Information supplied:
=======

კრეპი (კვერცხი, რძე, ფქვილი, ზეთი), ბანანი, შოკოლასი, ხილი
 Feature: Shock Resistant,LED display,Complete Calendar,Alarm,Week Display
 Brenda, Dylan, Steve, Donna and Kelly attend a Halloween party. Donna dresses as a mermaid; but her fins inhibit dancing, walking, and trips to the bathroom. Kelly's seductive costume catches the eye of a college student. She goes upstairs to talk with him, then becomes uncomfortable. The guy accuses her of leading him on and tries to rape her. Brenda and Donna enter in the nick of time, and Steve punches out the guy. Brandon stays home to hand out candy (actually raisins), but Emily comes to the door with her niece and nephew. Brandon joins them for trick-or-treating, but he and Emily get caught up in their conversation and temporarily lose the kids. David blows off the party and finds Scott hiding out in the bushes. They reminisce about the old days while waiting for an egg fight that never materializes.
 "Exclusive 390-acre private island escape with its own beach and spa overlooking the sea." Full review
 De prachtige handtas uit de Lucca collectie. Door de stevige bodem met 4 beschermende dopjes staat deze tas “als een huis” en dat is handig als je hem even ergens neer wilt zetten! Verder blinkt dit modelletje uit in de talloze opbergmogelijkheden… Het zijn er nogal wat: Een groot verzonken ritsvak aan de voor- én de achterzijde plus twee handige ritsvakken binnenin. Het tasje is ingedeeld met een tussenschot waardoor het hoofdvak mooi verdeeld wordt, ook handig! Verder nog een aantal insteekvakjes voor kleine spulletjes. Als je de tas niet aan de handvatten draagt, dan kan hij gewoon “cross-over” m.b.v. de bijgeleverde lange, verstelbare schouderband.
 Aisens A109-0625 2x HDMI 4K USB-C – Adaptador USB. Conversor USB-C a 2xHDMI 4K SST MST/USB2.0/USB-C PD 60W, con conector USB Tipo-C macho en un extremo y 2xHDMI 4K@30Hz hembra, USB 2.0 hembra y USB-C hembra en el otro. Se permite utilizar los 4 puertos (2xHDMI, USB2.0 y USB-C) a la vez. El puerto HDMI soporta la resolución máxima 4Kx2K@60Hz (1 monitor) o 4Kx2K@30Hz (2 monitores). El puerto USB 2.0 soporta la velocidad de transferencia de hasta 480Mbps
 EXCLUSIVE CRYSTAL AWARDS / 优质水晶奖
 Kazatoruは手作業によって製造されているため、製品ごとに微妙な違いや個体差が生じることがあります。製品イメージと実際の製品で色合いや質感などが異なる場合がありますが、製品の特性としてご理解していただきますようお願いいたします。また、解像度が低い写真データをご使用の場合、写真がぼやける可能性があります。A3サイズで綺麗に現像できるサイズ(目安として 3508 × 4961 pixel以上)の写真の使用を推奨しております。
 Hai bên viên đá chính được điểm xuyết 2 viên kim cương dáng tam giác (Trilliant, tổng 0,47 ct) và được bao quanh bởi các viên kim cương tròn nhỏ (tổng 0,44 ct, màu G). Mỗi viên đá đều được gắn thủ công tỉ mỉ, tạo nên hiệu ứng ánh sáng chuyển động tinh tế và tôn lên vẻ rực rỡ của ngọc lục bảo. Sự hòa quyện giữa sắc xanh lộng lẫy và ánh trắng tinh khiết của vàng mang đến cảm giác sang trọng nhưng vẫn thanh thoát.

=======

Assignment:
Write out the records again so that each line matches the original exactly.

Solution below:
კრეპი (კვერცხი, რძე, ფქვილი, ზეთი), ბანანი, შოკოლასი, ხილი
 Feature: Shock Resistant,LED display,Complete Calendar,Alarm,Week Display
 Brenda, Dylan, Steve, Donna and Kelly attend a Halloween party. Donna dresses as a mermaid; but her fins inhibit dancing, walking, and trips to the bathroom. Kelly's seductive costume catches the eye of a college student. She goes upstairs to talk with him, then becomes uncomfortable. The guy accuses her of leading him on and tries to rape her. Brenda and Donna enter in the nick of time, and Steve punches out the guy. Brandon stays home to hand out candy (actually raisins), but Emily comes to the door with her niece and nephew. Brandon joins them for trick-or-treating, but he and Emily get caught up in their conversation and temporarily lose the kids. David blows off the party and finds Scott hiding out in the bushes. They reminisce about the old days while waiting for an egg fight that never materializes.
 "Exclusive 390-acre private island escape with its own beach and spa overlooking the sea." Full review
 De prachtige handtas uit de Lucca collectie. Door de stevige bodem met 4 beschermende dopjes staat deze tas “als een huis” en dat is handig als je hem even ergens neer wilt zetten! Verder blinkt dit modelletje uit in de talloze opbergmogelijkheden… Het zijn er nogal wat: Een groot verzonken ritsvak aan de voor- én de achterzijde plus twee handige ritsvakken binnenin. Het tasje is ingedeeld met een tussenschot waardoor het hoofdvak mooi verdeeld wordt, ook handig! Verder nog een aantal insteekvakjes voor kleine spulletjes. Als je de tas niet aan de handvatten draagt, dan kan hij gewoon “cross-over” m.b.v. de bijgeleverde lange, verstelbare schouderband.
 Aisens A109-0625 2x HDMI 4K USB-C – Adaptador USB. Conversor USB-C a 2xHDMI 4K SST MST/USB2.0/USB-C PD 60W, con conector USB Tipo-C macho en un extremo y 2xHDMI 4K@30Hz hembra, USB 2.0 hembra y USB-C hembra en el otro. Se permite utilizar los 4 puertos (2xHDMI, USB2.0 y USB-C) a la vez. El puerto HDMI soporta la resolución máxima 4Kx2K@60Hz (1 monitor) o 4Kx2K@30Hz (2 monitores). El puerto USB 2.0 soporta la velocidad de transferencia de hasta 480Mbps
 EXCLUSIVE CRYSTAL AWARDS / 优质水晶奖
 Kazatoruは手作業によって製造されているため、製品ごとに微妙な違いや個体差が生じることがあります。製品イメージと実際の製品で色合いや質感などが異なる場合がありますが、製品の特性としてご理解していただきますようお願いいたします。また、解像度が低い写真データをご使用の場合、写真がぼやける可能性があります。A3サイズで綺麗に現像できるサイズ(目安として 3508 × 4961 pixel以上)の写真の使用を推奨しております。
 Hai bên viên đá chính được điểm xuyết 2 viên kim cương dáng tam giác (Trilliant, tổng 0,47 ct) và được bao quanh bởi các viên kim cương tròn nhỏ (tổng 0,44 ct, màu G). Mỗi viên đá đều được gắn thủ công tỉ mỉ, tạo nên hiệu ứng ánh sáng chuyển động tinh tế và tôn lên vẻ rực rỡ của ngọc lục bảo. Sự hòa quyện giữa sắc xanh lộng lẫy và ánh trắng tinh khiết của vàng mang đến cảm giác sang trọng nhưng vẫn thanh thoát.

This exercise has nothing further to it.